(Records from a data collection)
#####

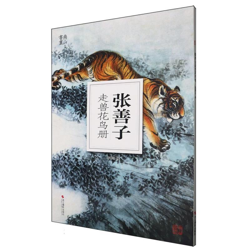 “南山册页”系列为中国历代名家册页小品集,适合书画爱好者、研究者临摹、学习。本册精心选编了张善子以虎、熊猫、花鸟等为题材的代表写生作品。张善子,1882年生于四川内江,原名正兰,单名泽,字善孖,自号“虎痴”,是国画大师张大千的二哥。张善子工诗、善文、精鉴定,山水、人物、花鸟画无所不能,尤精于画虎,通过饲养老虎,对老虎的脾气、习性以及动作神态了如指掌。张善子所画的老虎,传神真,笔墨精妙,展现了极高的艺术造诣和独特的艺术魅力。
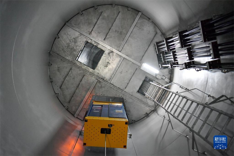 在位于天津市滨海新区的国家能源集团龙源电力汉沽风电场,刘彦波与胡众银搭乘提升机前往风机顶部定期检修(4月11日摄)。
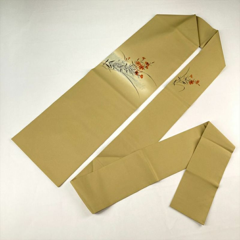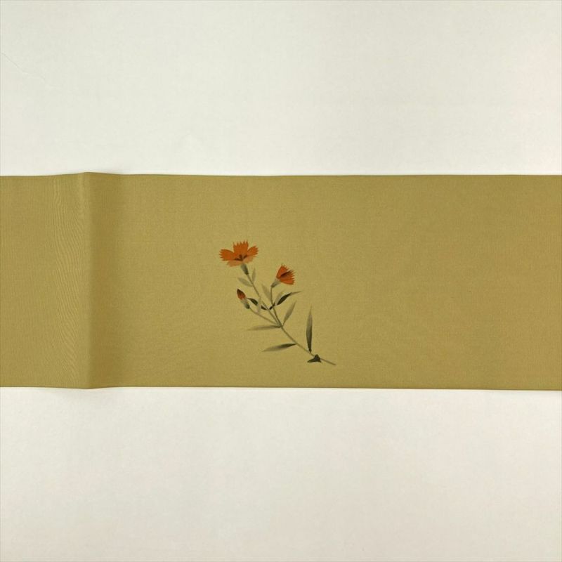 【色柄】黄色 芥子色 カジュアル なでしこ 塩瀬 手描き 金彩
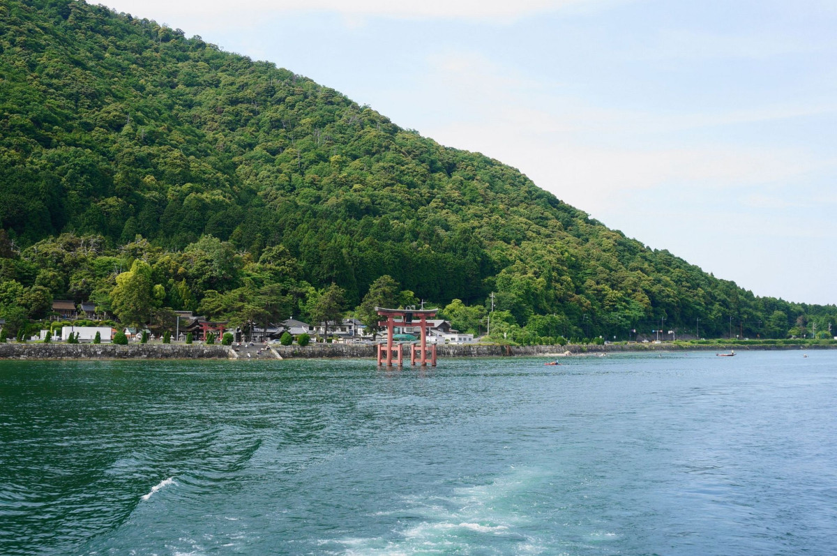 豊臣秀頼ゆかりの近江最古の大社「白鬚神社」の湖上大鳥居を参拝する(写真提供=琵琶湖汽船)
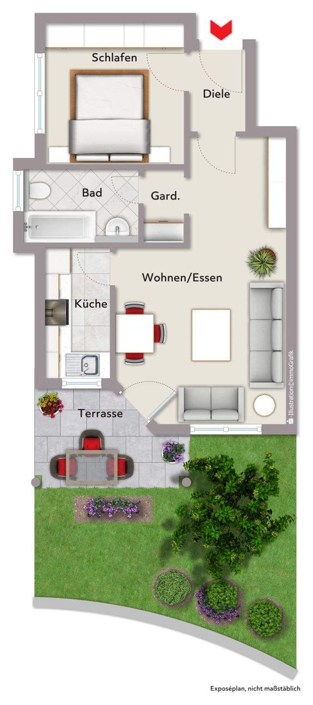 Erdgeschosswohnung mit Terrasse und TG-Stellplatz
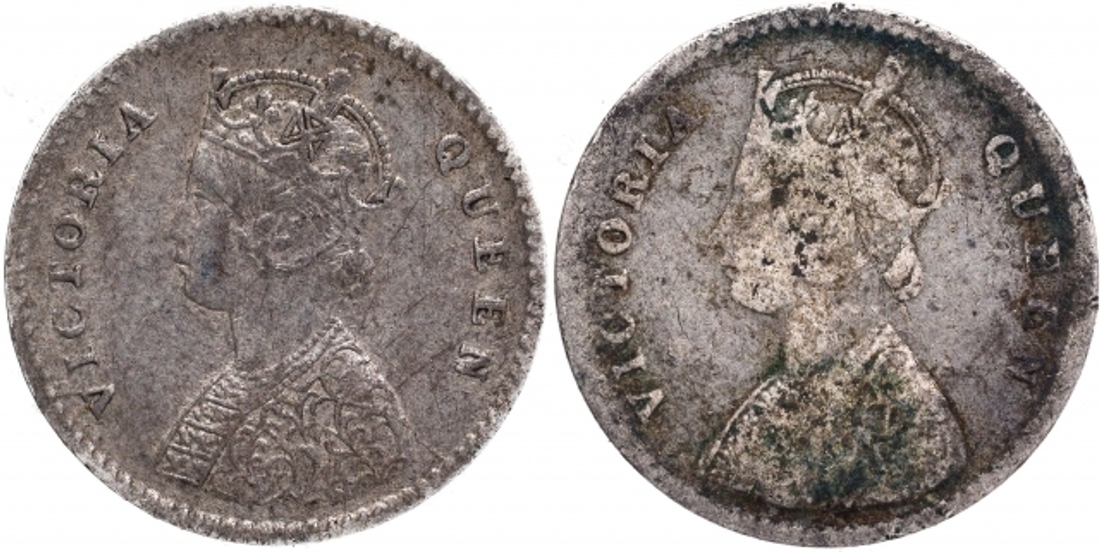 Silver Two Annas Coins of Victoria Empress of Bombay Mi ...
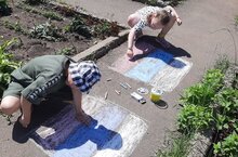 Воспитанники старшей и подготовительной групп приняли участие в фестивале рисунков на асфальте на тему «Флаги России»
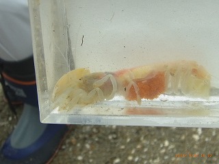 ・ 砂を掘って生き物を探す
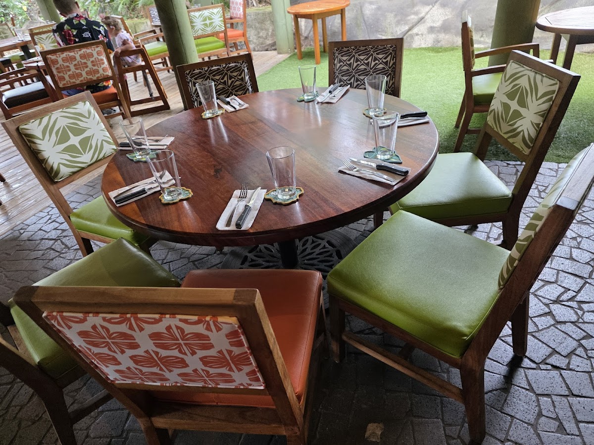 As you step into the restaurant, you'll be greeted by an inviting, laid-back vibe. The large open-air design, surrounded by lush greenery and the sounds of soft Hawaiian music, transports you right into the heart of paradise. It’s the kind of place where you can relax, soak in the beauty of your surroundings, and let the stress of everyday life melt away.

#####

THE TASK => Going from the line holding "在位于天津市滨海新区的国家能" to the last line of the data above, reproduce every line exactly, both included, with the pictures omitted.

SOLUTION TO THIS TASK =>
 在位于天津市滨海新区的国家能源集团龙源电力汉沽风电场,刘彦波与胡众银搭乘提升机前往风机顶部定期检修(4月11日摄)。
 【色柄】黄色 芥子色 カジュアル なでしこ 塩瀬 手描き 金彩
 豊臣秀頼ゆかりの近江最古の大社「白鬚神社」の湖上大鳥居を参拝する(写真提供=琵琶湖汽船)
 Erdgeschosswohnung mit Terrasse und TG-Stellplatz
 Silver Two Annas Coins of Victoria Empress of Bombay Mi ...
 Воспитанники старшей и подготовительной групп приняли участие в фестивале рисунков на асфальте на тему «Флаги России»
 ・ 砂を掘って生き物を探す
 As you step into the restaurant, you'll be greeted by an inviting, laid-back vibe. The large open-air design, surrounded by lush greenery and the sounds of soft Hawaiian music, transports you right into the heart of paradise. It’s the kind of place where you can relax, soak in the beauty of your surroundings, and let the stress of everyday life melt away.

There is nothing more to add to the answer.